Over-relying on surveys. Online surveys are efficient for reaching large populations but produce shallow insights on complex sustainability topics. Combine surveys with qualitative methods (interviews, workshops, focus groups) for depth and nuance.
Ignoring hard-to-reach stakeholders. Affected communities, migrant workers, smallholder farmers in supply chains, and indigenous peoples are often the most impacted and least heard. Designing accessible engagement requires extra effort — local language translation, in-person presence, trusted intermediaries — but their perspectives are often the most material.
Treating engagement as a sustainability team activity. Investor engagement is led by IR, employee engagement by HR, community engagement by site management, and customer engagement by marketing. The sustainability team should coordinate and synthesize, but effective engagement happens through existing relationships, not parallel channels.
How Council Fire Can Help
Council Fire designs and facilitates stakeholder engagement programs that produce actionable insights and withstand assurance scrutiny. We bring experience across engagement contexts — from community consultations for infrastructure projects to investor dialogue programs for listed companies.
Our approach integrates engagement directly into double materiality assessments, ensuring that stakeholder perspectives are systematically captured, documented, and reflected in your reporting. We help clients design ongoing engagement structures — advisory panels, digital platforms, annual engagement cycles — that build sustained relationships rather than one-off interactions.
We also support organizations navigating sensitive engagement contexts: FPIC processes, post-incident community relations, contested project environments, and multi-stakeholder initiatives where competing interests require skilled facilitation.
FAQs
How many stakeholders do we need to engage for CSRD compliance?
ESRS does not prescribe a minimum number. The expectation is that engagement is representative and proportionate — covering key affected stakeholder groups relevant to your material topics. For a typical large company, this might involve hundreds of survey respondents, dozens of interview subjects, and several workshop sessions. Quality and representativeness matter more than volume.

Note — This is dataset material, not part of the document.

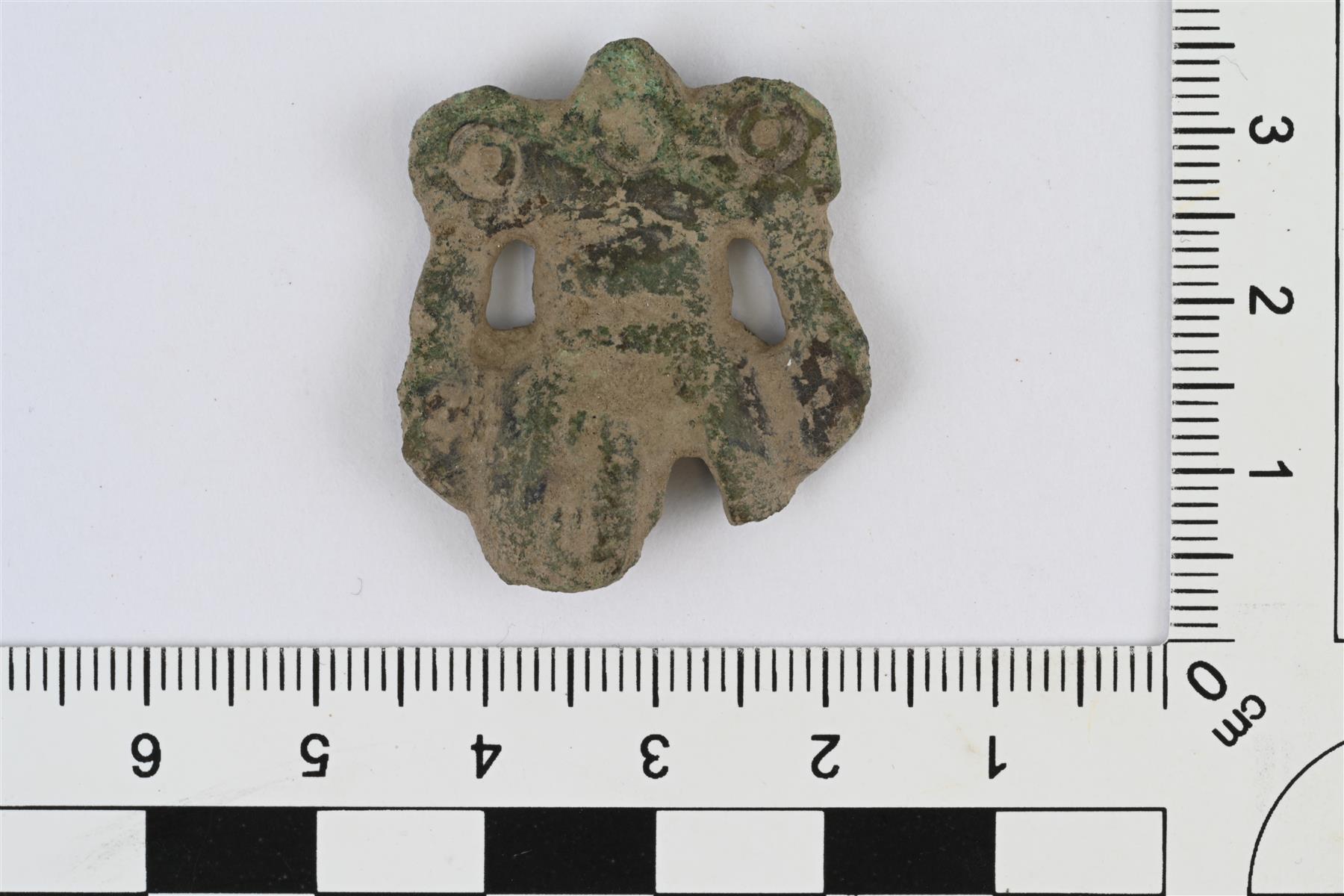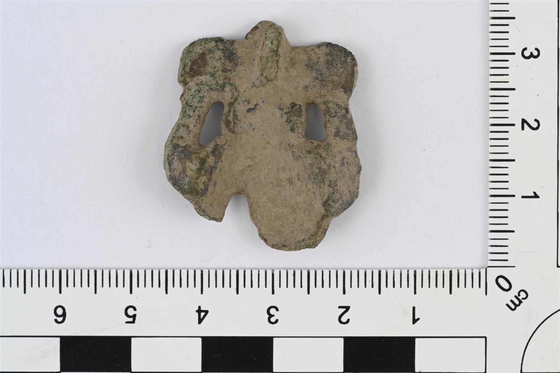| Rapusoljen katkelma, soljen etupäästä. Etureunassa rivissä kolme häränsilmäleimaa. Kaari on taustapuolelta koverrettu. Taustapuolella jäänne neulakodasta. | |
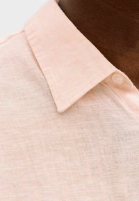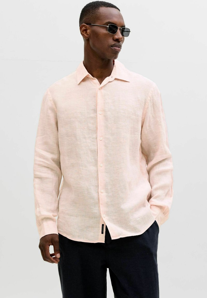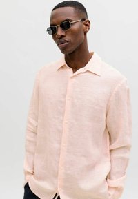 Homme portant une chemise boutonnée à manches longues de couleur rose clair, un pantalon foncé et des lunettes de soleil rectangulaires, debout avec une main dans la poche.

Can we use proxies instead of engaging affected stakeholders directly?
Yes, where direct engagement is impractical. ESRS acknowledges that engaging directly with all affected stakeholders (e.g., workers deep in the supply chain) may not be feasible. In these cases, proxies — trade unions, NGOs, community representatives, academic experts — can serve as intermediaries. Document why direct engagement was not possible and how you selected credible proxies.
How do we handle conflicting stakeholder views?
Conflicting perspectives are normal and expected. Your role is not to achieve consensus but to understand the range of views, assess their relevance to materiality, and make informed decisions. Document the divergence, explain how you weighed competing perspectives, and be transparent about the trade-offs in your reporting.
Is stakeholder engagement required for ISSB reporting?
IFRS S1 and S2 do not prescribe stakeholder engagement in the same way as ESRS. However, understanding the information needs of investors and lenders requires dialogue, and emerging practice under ISSB reporting increasingly incorporates stakeholder perspectives. Companies reporting under both CSRD and ISSB can design a single engagement process that serves both.